00000-metadata.csv: existing metadata will be overwritten.

00000-metadata.json: existing metadata will be overwritten.

00000-settings.json: existing settings will be overwritten.

00000.log: existing records are kept, new records are added.

Settings

The pipeline settings determine how image extraction is performed. By default, the pipelines use the settings in visarchpy/default-settings.json. However, these settings can be overwritten by passing custom settings to the pipeline.

Default settings can be shown on the terminal by using the following command:

visarch [PIPELINE] settings

Default Setting

Extraction pipelines use the following default settings:

{
    "layout": {
        "caption": {
            "offset": [
                4,
                "mm"
            ],
            "direction": "down",
            "keywords": [
                "figure",
                "caption",
                "figuur"
            ]
        },
        "image": {
            "width": 120,
            "height": 120
        }
    },
    "ocr": {
        "caption": {
            "offset": [
                50,
                "px"
            ],
            "direction": "down",
            "keywords": [
                "figure",
                "caption",
                "figuur"
            ]
        },
        "image": {
            "width": 120,
            "height": 120
        },
        "resolution": 250,
        "resize": 30000,
        "tesseract" : "--psm 1 --oem 3"
    }
}

Settings for the data extraction pipelines in VisArchPy.
Setting	Meaning	Expected values
layout	Group settings for Layout analysis
ocr	Group settings for OCR analysis
caption.offset	Distance around an image boundary where captions will be searched for	`[ number, "mm" ]` (for layout) `[ number, "px" ]` (for OCR)
caption.direction	Direction relative to an image where captions are searched for	`all, up, down,` right, left ` `down-right, up-left,`
caption.keywords	Keywords used to find captions based on text analysis	`[keyword1, keyword2, ...]`
image.width	minimum width of an image to be extracted, in pixels	`integer`
image.height	minimum height of an image to be extracted, in pixels	`integer`
ocr.resolution	DPI used to convert PDF pages into images before applying OCR	`integer`
ocr.resize	Maximum width and height of PDF page used as input by Tesseract. in pixels. If page conversion results in a larger image, it will be downsized to fit this value. Tesseract maximum values for width and height is \(2^{15}\)	`integer`
ocr.tesseract	Tesseract command line options passed to Tesseract. See Tesseract man page [1] for more information.	`string`

Custom Settings

When defining custom settings, the schema defined above should be used. Note that settings for different extraction approaches are grouped together. When using a pipeline that implements only one approach, settings for the other can be omitted. Custom settings can be passed to a pipeline as a JSON file (CLI) or a dictionary (Python).

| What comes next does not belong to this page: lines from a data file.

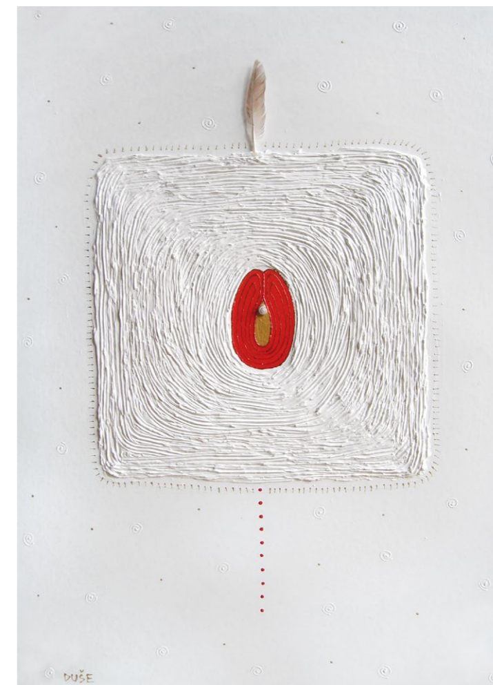
duše, 2008 akryl na lepence, kombinovaná technika, 70 x 100 cm
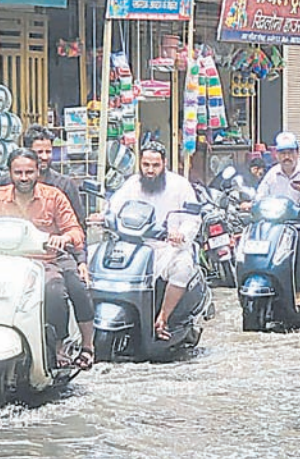
अव्यवस्था एवं समस्या उभरी- मानसून के आते ही शहर में अव्यवस्था एवं समस्याएं उभरकर सामने आ गईं। नालियों के जाम होने से शहर के विभिन्न हिस्सों में बारिश का पानी गंदगी के साथ सड़कों पर फैल गया। नए शहर के फ्रीगंज क्षेत्र में ही कई जगह यह स्थिति देखी गई। यहीं हाल पुराने शहर के कंगाल पुरा क्षेत्र में भी रही सड़कों पर आधा से एक फीट पानी भर गया था। चौड़ीकरण के क्षेत्रों में अव्यवस्था एवं समस्याओं ने मुंह फाड़ लिया था। कई क्षेत्रों में गंदगी एवं कीचड़ की स्थिति भी उभर गई थी।

शनिवार को 5 दिन से अधिक देरी से मानसून अंततः उज्जैन पर मेहरबान हुआ है। दोपहर तक कड़क धूप के बाद मौसम ने पलटा खाया और बादल छा गए। इसके बाद बादलों ने धूम मचाने का क्रम शुरू किया जो देर शाम तक जारी रहा है। मध्य दोपहर एक समय ऐसा भी रहा कि जिसमें नए शहर में सूखा देखा गया और पुराने शहर में झमाझम बारिश हो रही थी। मानसून के आगमन के साथ ही अव्यवस्था एवं समस्याओं ने मुंह खोल दिया है। शहर के कई हिस्सों में नाली का गंदा पानी सड़कों पर पसर गया। इसी अव्यवस्था एवं समस्या से दो चार होते हुए राहगीरों का आवागमन रहा है।
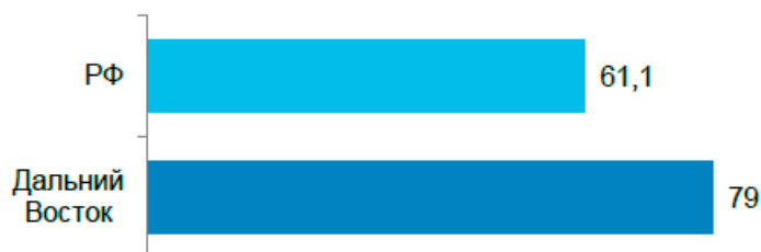
Рис. 2. Темп прироста количества операций по оплате товаров и услуг с использованием платежных карт (2020 г. к 2018 г.), %
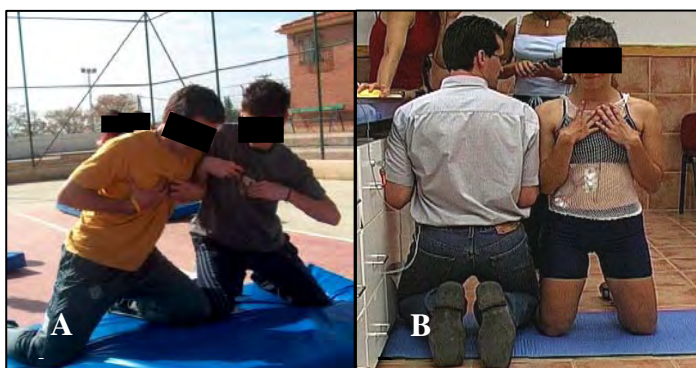
Figura 2. La pelea de gallinas (GA): los participantes se sitúan por parejas, de rodillas, hombro con hombro y con el dedo pulgar en las axilas. Cada jugador trata de derribar a su oponente empujando con sus hombros y tratando de desequilibrarlo. el jugador que derriba tres veces a su oponente gana el “combate”. A) Imagen del juego en situación real; B) Imagen de la tarea seleccionada para su estudio.
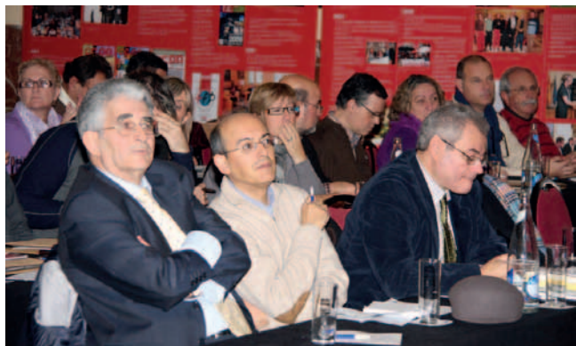
Asistentes e invitados a las Jornadas.
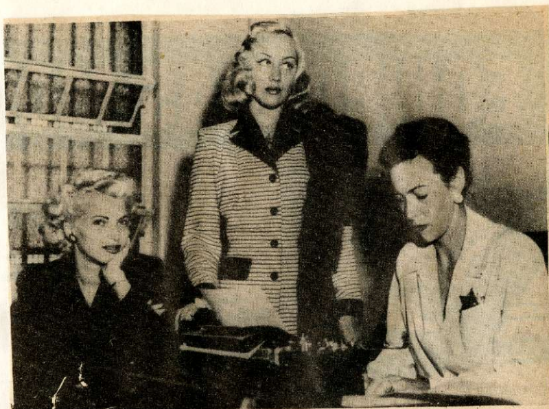
El vicio de la marihuana es una plaga extendida a través de todas las clases sociales, tanto en Cuba como en el extranjero. En los Estados Unidos cuenta entre sus víctimas con figuras prominentes de la colonia cinematográfica como Lila LEEDS y Vickie EVANS, recientemente sorprendidas en compañía del actor Robert MITCHUM, cuando fumaban la terrible "yerba loca".

visarch layoutocr from-file --settings <settings-file> <path-pdf-directory> \
<path-output-directory>

from visarchpy.pipelines import LayoutOCR

custom_settings = {}  # a dictionary with custom settings following schema above

pipeline = LayoutOCR('path-to-data-dir', 'path-to-output-dir',
                    metadata_file='path-to-mods-file',
                    settings=custom_settings
                    )

pipeline.run()